Dataset:

########################################

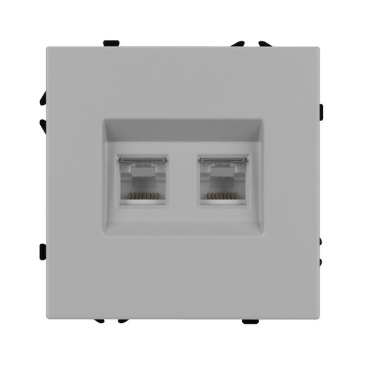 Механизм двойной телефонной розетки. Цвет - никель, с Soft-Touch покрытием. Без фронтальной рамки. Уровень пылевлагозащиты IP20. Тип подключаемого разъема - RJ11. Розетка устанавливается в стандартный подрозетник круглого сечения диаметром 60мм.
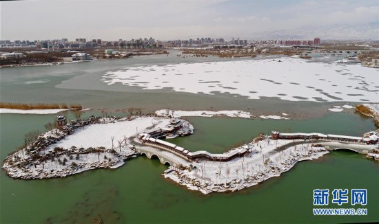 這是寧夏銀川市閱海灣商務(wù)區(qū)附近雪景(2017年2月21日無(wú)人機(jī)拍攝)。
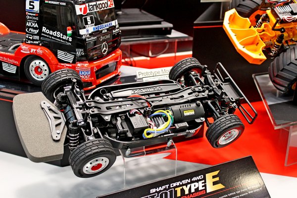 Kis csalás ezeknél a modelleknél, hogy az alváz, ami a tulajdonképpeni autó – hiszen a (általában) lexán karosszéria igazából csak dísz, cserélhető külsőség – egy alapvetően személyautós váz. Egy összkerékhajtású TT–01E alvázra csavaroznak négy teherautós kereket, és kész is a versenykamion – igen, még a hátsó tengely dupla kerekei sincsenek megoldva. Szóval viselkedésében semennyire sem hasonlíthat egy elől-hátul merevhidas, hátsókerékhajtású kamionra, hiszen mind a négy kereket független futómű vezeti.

########################################

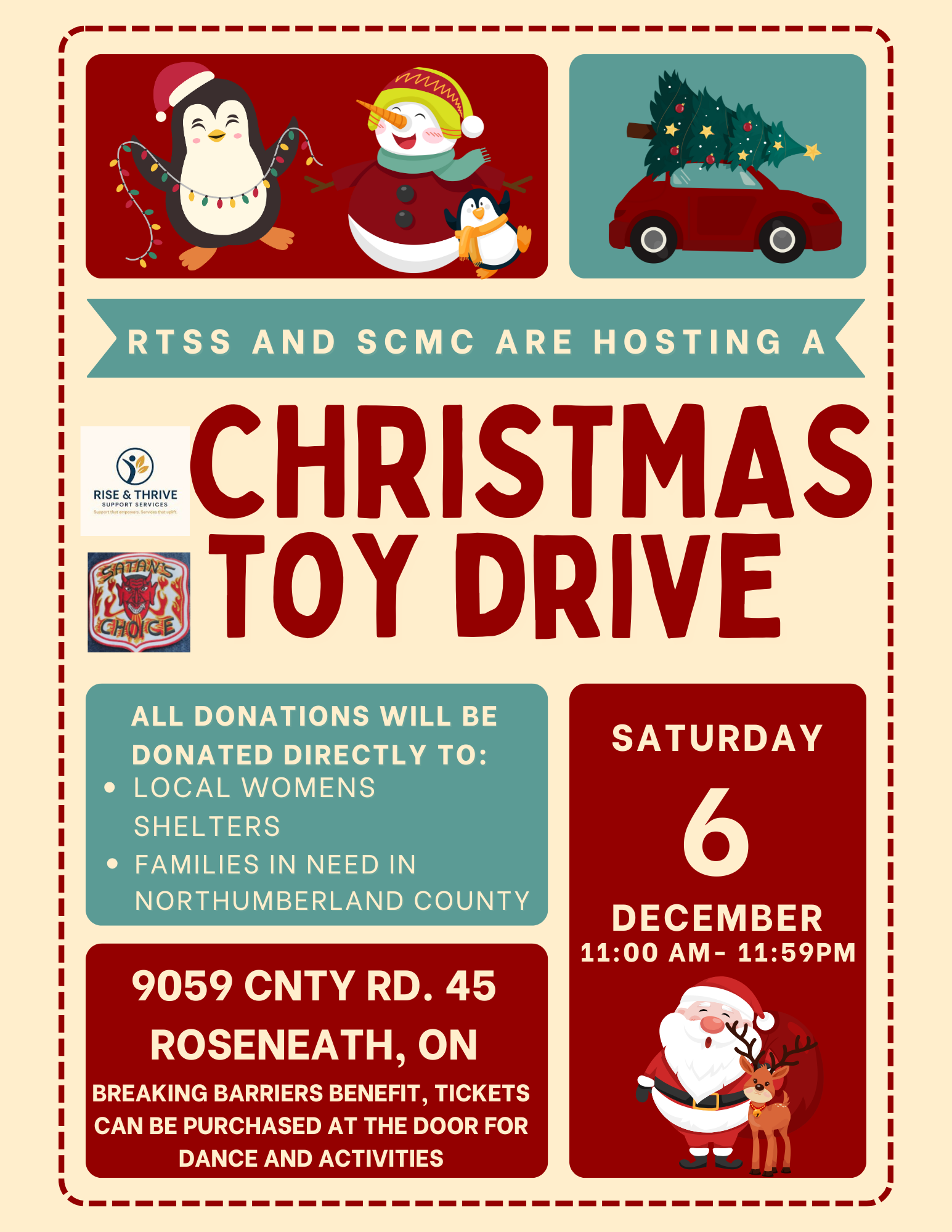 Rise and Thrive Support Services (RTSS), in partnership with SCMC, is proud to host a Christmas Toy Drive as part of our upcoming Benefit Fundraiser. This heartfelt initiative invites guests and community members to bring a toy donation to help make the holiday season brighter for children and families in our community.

########################################

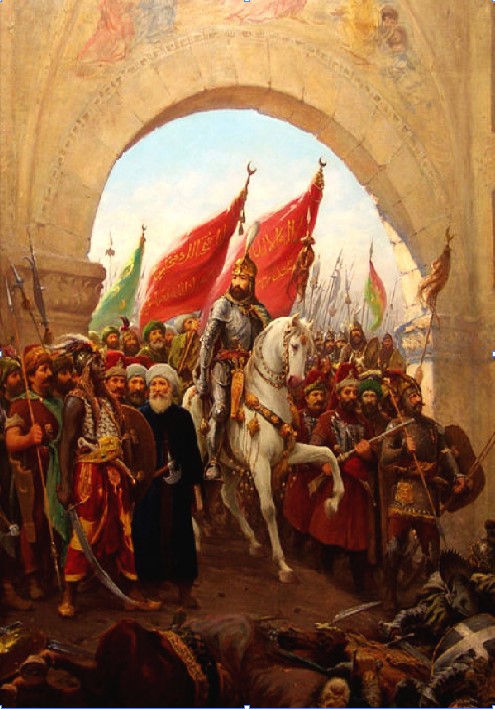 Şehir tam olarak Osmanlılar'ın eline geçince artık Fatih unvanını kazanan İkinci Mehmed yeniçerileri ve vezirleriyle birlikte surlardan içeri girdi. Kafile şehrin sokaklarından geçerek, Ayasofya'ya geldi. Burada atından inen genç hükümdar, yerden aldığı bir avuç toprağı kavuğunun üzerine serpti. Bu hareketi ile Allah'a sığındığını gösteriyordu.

########################################

Assigned task:
From the records above, transcribe exactly the lines starting at the one containing "Механизм двойной телефонной" and ending at the one containing "Kis csalás ezeknél". Skip the pictures.

Final answer:
 Механизм двойной телефонной розетки. Цвет - никель, с Soft-Touch покрытием. Без фронтальной рамки. Уровень пылевлагозащиты IP20. Тип подключаемого разъема - RJ11. Розетка устанавливается в стандартный подрозетник круглого сечения диаметром 60мм.
 這是寧夏銀川市閱海灣商務(wù)區(qū)附近雪景(2017年2月21日無(wú)人機(jī)拍攝)。
 Kis csalás ezeknél a modelleknél, hogy az alváz, ami a tulajdonképpeni autó – hiszen a (általában) lexán karosszéria igazából csak dísz, cserélhető külsőség – egy alapvetően személyautós váz. Egy összkerékhajtású TT–01E alvázra csavaroznak négy teherautós kereket, és kész is a versenykamion – igen, még a hátsó tengely dupla kerekei sincsenek megoldva. Szóval viselkedésében semennyire sem hasonlíthat egy elől-hátul merevhidas, hátsókerékhajtású kamionra, hiszen mind a négy kereket független futómű vezeti.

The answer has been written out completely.